• [INPUT DATA]:

==*==

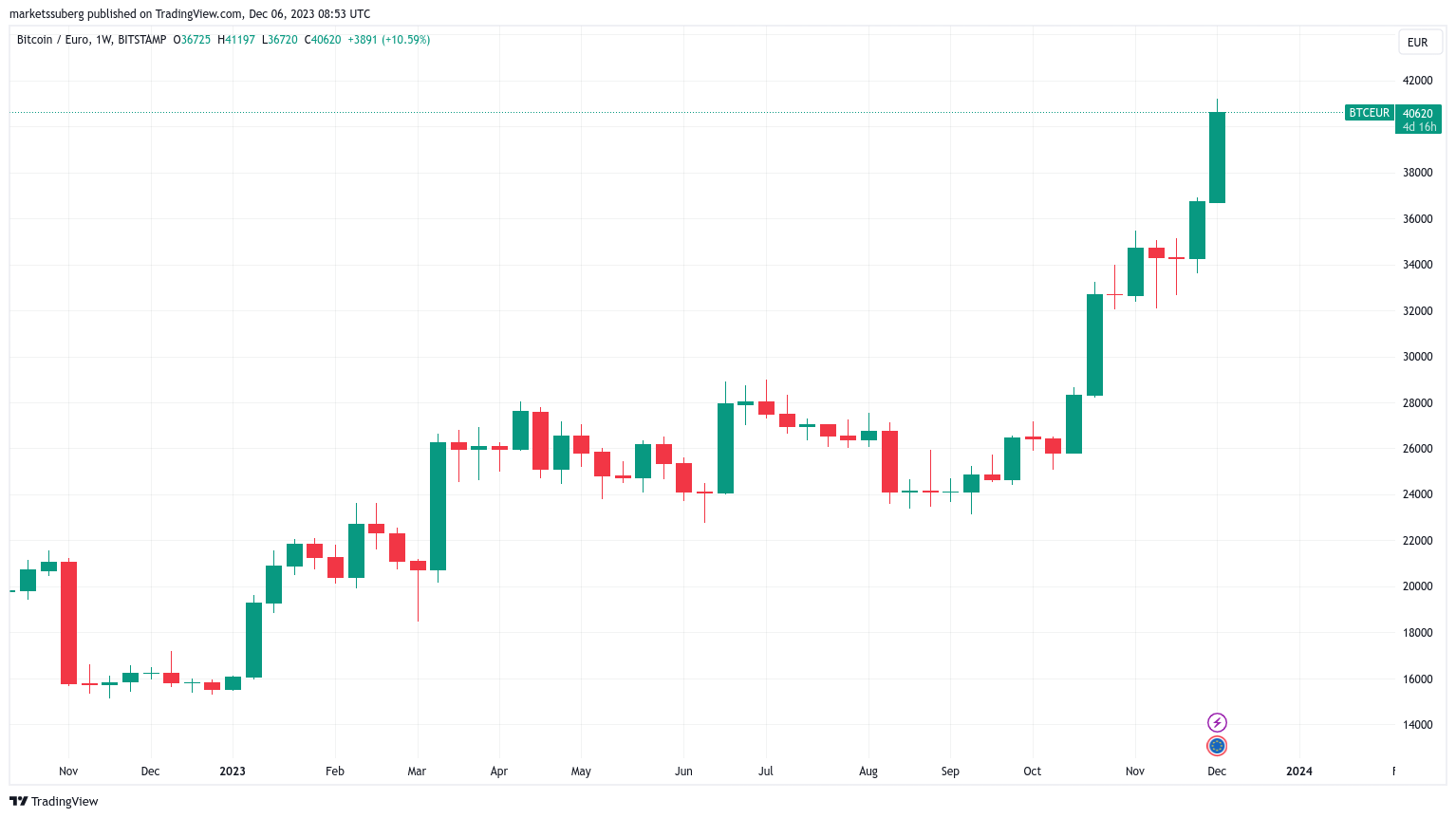 A year after the ECB’s premature obituary, Bitcoin is at its highest since April 2022 — at $43,800 at the time of writing, or 166% higher than when the bank sounded the alarm, per data from Cointelegraph Markets Pro and TradingView.
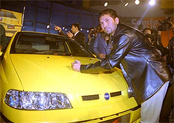 Cricket star Sachin Tendulkar autographs Fiat's new Palio model at the 6th Auto Expo in New Delhi on January 15.
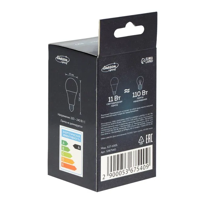 Лампа светодиодная Luazon Lighting, A60, 11 Вт, E27, 990 Лм, 6500 К, холодный белый — Характеристики
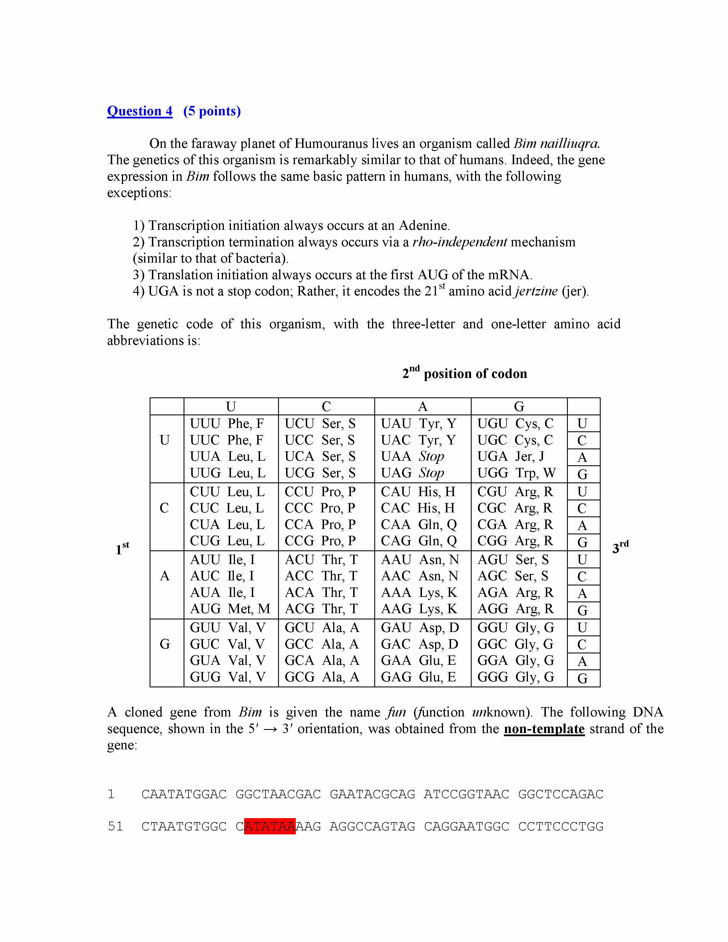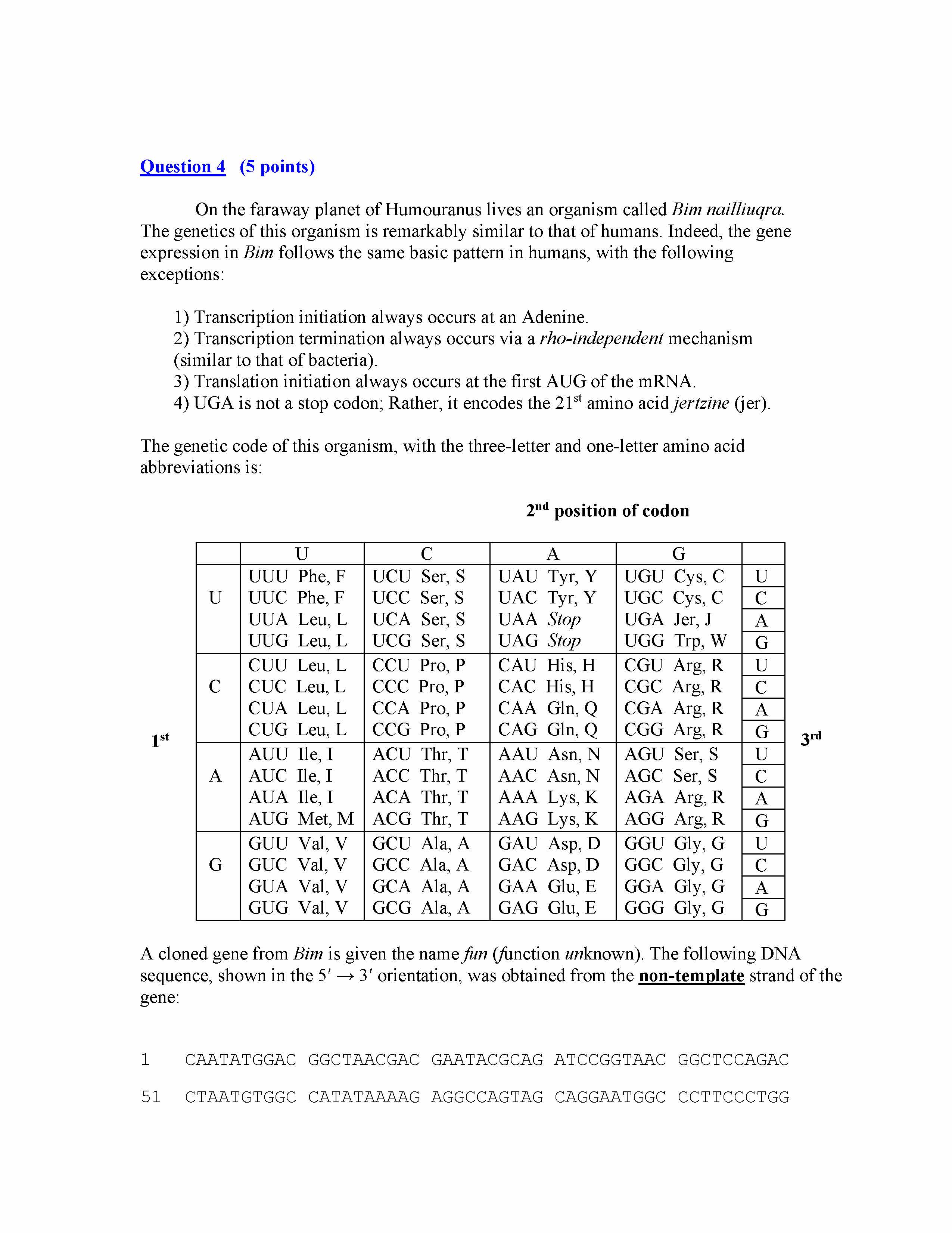Question 4 (5 points) On the faraway planet of Humouranus liv...
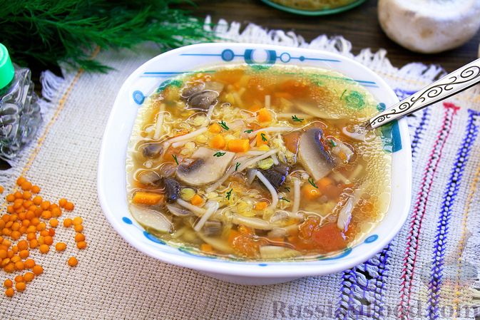 Густой грибной суп с вермишелью
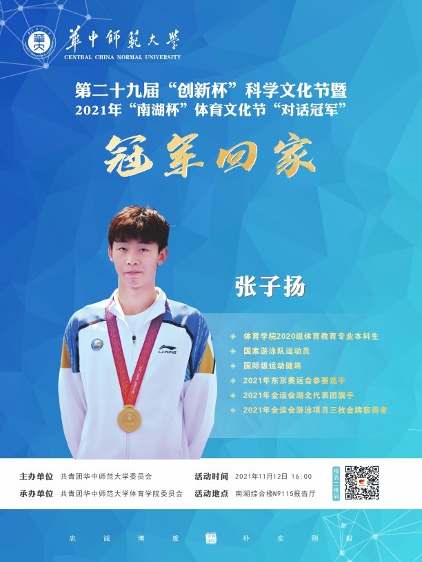 华大青年讯(文字 王一好 吴佩轩 摄影 鲁璟毅 孙宁 吕柯言)11月12日下午,华中师范大学第二十九届“创新杯”科学文化节“冠军回家”暨2021年“南湖杯”体育文化节“对话冠军”活动在南湖综合楼N9115报告厅举行。活动邀请体育学院2020级体育教育专业本科生、国家游泳队运动员、国际级运动健将张子扬作为嘉宾,分享训练心得、交流成功经验。
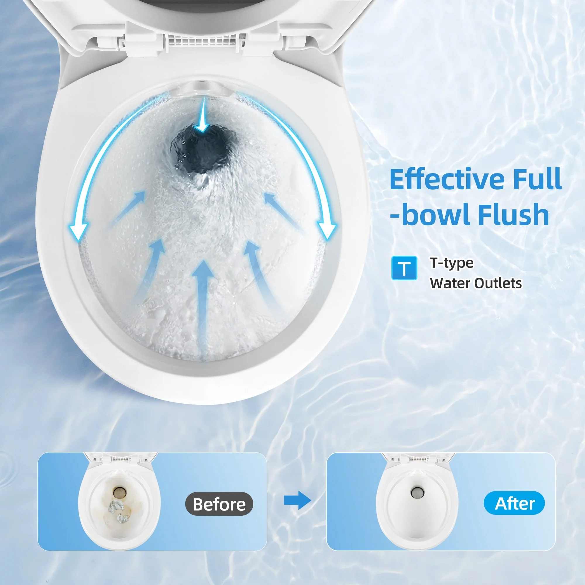 - 2. EFFECTIVE T-TYPE WATER OUTLET: The T-type design can provide dispersed flushing coverage to clean the bowl more thoroughly and comprehensively; Only 0.05 L fresh water needed can clean the whole bowl; The water-saving design can reduce water consumption a lot
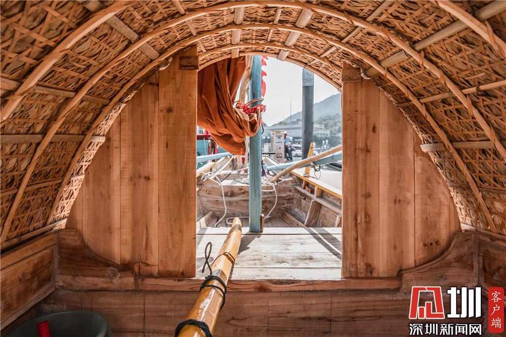 此外,來自遼寧省盤錦市的門錠船“遼河口號”的桅桿上寫著7個字——大將軍八面威風(fēng),分別用赤橙黃綠青藍(lán)紫七色進(jìn)行涂裝,“遼河口號”建造人張興華說道:“船就像大將軍一樣,能掌控八面風(fēng),帶來充足的力量,盼個好兆頭。”建造“遼河口號”的木材都是經(jīng)過精挑細(xì)選的,工藝也得到改善升級,“這艘船我們保留了最古老的傳統(tǒng)技藝,也加入了這三十多年來我們的研究成果,改良水密隔艙技術(shù)、船板黏合劑等,讓木帆船身更安全、更耐用?!边@是張興華第二次復(fù)原門錠船,為了達(dá)到8米左右的尺度要求,他將原有的雙桅改為單桅。來到中國杯帆船賽的現(xiàn)場后,張興華與團隊伙伴已經(jīng)駕駛著“遼河口號”進(jìn)行了巡航,“北方的傳統(tǒng)風(fēng)船能夠到深圳的大亞灣海域來航行,這應(yīng)該是第一次,感覺很不錯!”張興華介紹,在遼寧渤海一帶,還有非常多漁民在使用著木船,但他們也已經(jīng)幾十年沒有見過中國人自己的木帆船了,這次在中國杯賽場上的展示,希望讓更多的中國人看到我們自己的帆船!
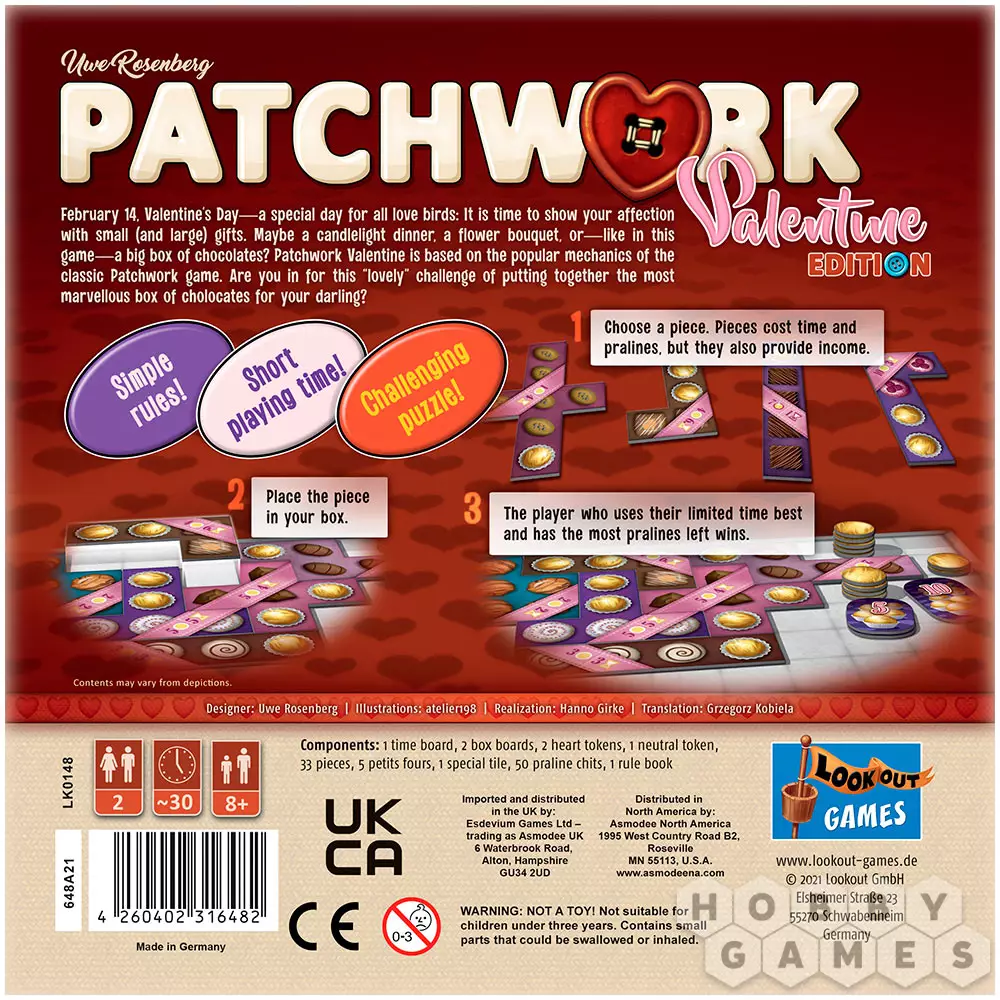 В дуэльной игре Patchwork игрокам предстоит сшить одеяло из различных лоскутков. Чтобы это сделать, потребуется не столько время, сколько способность планировать, творчески подходить к задаче и немного удачи. У игроков есть личное поле с квадратиками, которые предстоит заполнять лоскутами различных размеров и форм. Главная цель – оставить как можно меньше пустых клеток. Тайлы можно купить за пуговицы, которые являются валютой игры.
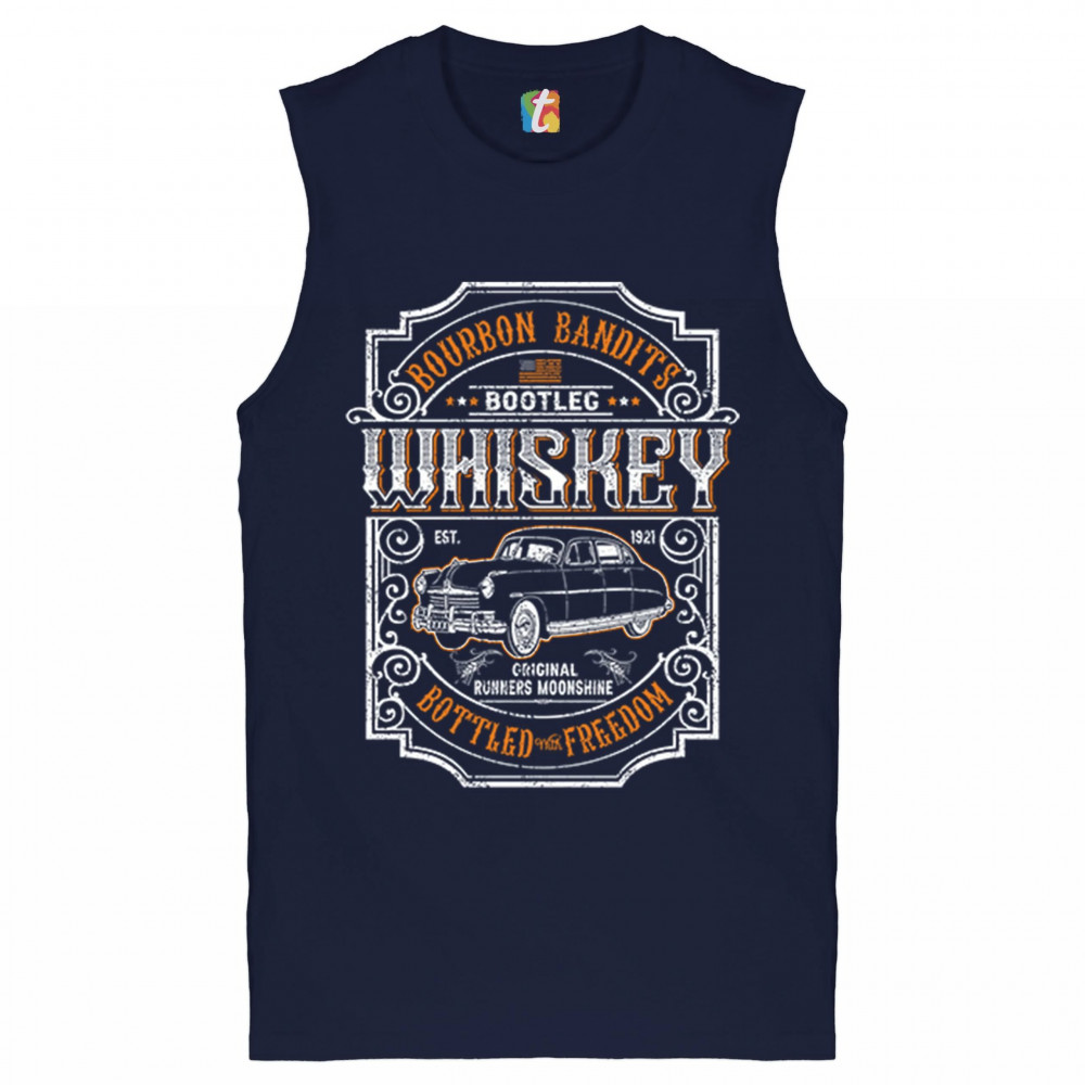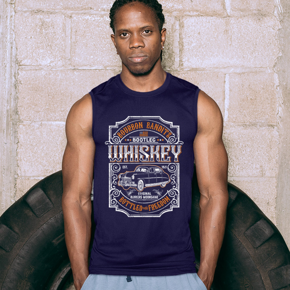 BOURBON BANDIT'S BOOTLEG WHISKEY muscle shirt original runners moonshine men's navy blue
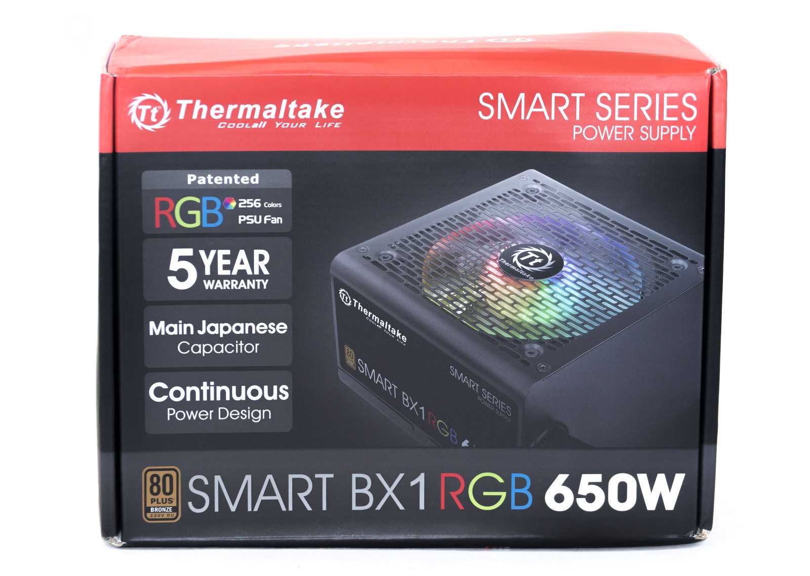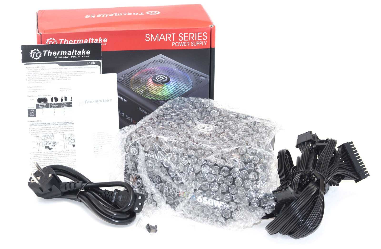 Тестирование блока питания Thermaltake Smart BX1 RGB 650W приводит к неоднозначным выводам. Отличный дизайн, наличие регулируемой RGB-подсветки, использование японского основного конденсатора. Напряжения не проседают ниже номинальных значений и укладываются в стандарт ATX.

==*==

• [PROBLEM STATEMENT]:
Set down the whole listing word for word, omitting the pictures.

• [FINISHED EXERCISE]:
 A year after the ECB’s premature obituary, Bitcoin is at its highest since April 2022 — at $43,800 at the time of writing, or 166% higher than when the bank sounded the alarm, per data from Cointelegraph Markets Pro and TradingView.
 Cricket star Sachin Tendulkar autographs Fiat's new Palio model at the 6th Auto Expo in New Delhi on January 15.
 Лампа светодиодная Luazon Lighting, A60, 11 Вт, E27, 990 Лм, 6500 К, холодный белый — Характеристики
Question 4 (5 points) On the faraway planet of Humouranus liv...
 Густой грибной суп с вермишелью
 华大青年讯(文字 王一好 吴佩轩 摄影 鲁璟毅 孙宁 吕柯言)11月12日下午,华中师范大学第二十九届“创新杯”科学文化节“冠军回家”暨2021年“南湖杯”体育文化节“对话冠军”活动在南湖综合楼N9115报告厅举行。活动邀请体育学院2020级体育教育专业本科生、国家游泳队运动员、国际级运动健将张子扬作为嘉宾,分享训练心得、交流成功经验。
 - 2. EFFECTIVE T-TYPE WATER OUTLET: The T-type design can provide dispersed flushing coverage to clean the bowl more thoroughly and comprehensively; Only 0.05 L fresh water needed can clean the whole bowl; The water-saving design can reduce water consumption a lot
 此外,來自遼寧省盤錦市的門錠船“遼河口號”的桅桿上寫著7個字——大將軍八面威風(fēng),分別用赤橙黃綠青藍(lán)紫七色進(jìn)行涂裝,“遼河口號”建造人張興華說道:“船就像大將軍一樣,能掌控八面風(fēng),帶來充足的力量,盼個好兆頭。”建造“遼河口號”的木材都是經(jīng)過精挑細(xì)選的,工藝也得到改善升級,“這艘船我們保留了最古老的傳統(tǒng)技藝,也加入了這三十多年來我們的研究成果,改良水密隔艙技術(shù)、船板黏合劑等,讓木帆船身更安全、更耐用?!边@是張興華第二次復(fù)原門錠船,為了達(dá)到8米左右的尺度要求,他將原有的雙桅改為單桅。來到中國杯帆船賽的現(xiàn)場后,張興華與團隊伙伴已經(jīng)駕駛著“遼河口號”進(jìn)行了巡航,“北方的傳統(tǒng)風(fēng)船能夠到深圳的大亞灣海域來航行,這應(yīng)該是第一次,感覺很不錯!”張興華介紹,在遼寧渤海一帶,還有非常多漁民在使用著木船,但他們也已經(jīng)幾十年沒有見過中國人自己的木帆船了,這次在中國杯賽場上的展示,希望讓更多的中國人看到我們自己的帆船!
 В дуэльной игре Patchwork игрокам предстоит сшить одеяло из различных лоскутков. Чтобы это сделать, потребуется не столько время, сколько способность планировать, творчески подходить к задаче и немного удачи. У игроков есть личное поле с квадратиками, которые предстоит заполнять лоскутами различных размеров и форм. Главная цель – оставить как можно меньше пустых клеток. Тайлы можно купить за пуговицы, которые являются валютой игры.
 BOURBON BANDIT'S BOOTLEG WHISKEY muscle shirt original runners moonshine men's navy blue
 Тестирование блока питания Thermaltake Smart BX1 RGB 650W приводит к неоднозначным выводам. Отличный дизайн, наличие регулируемой RGB-подсветки, использование японского основного конденсатора. Напряжения не проседают ниже номинальных значений и укладываются в стандарт ATX.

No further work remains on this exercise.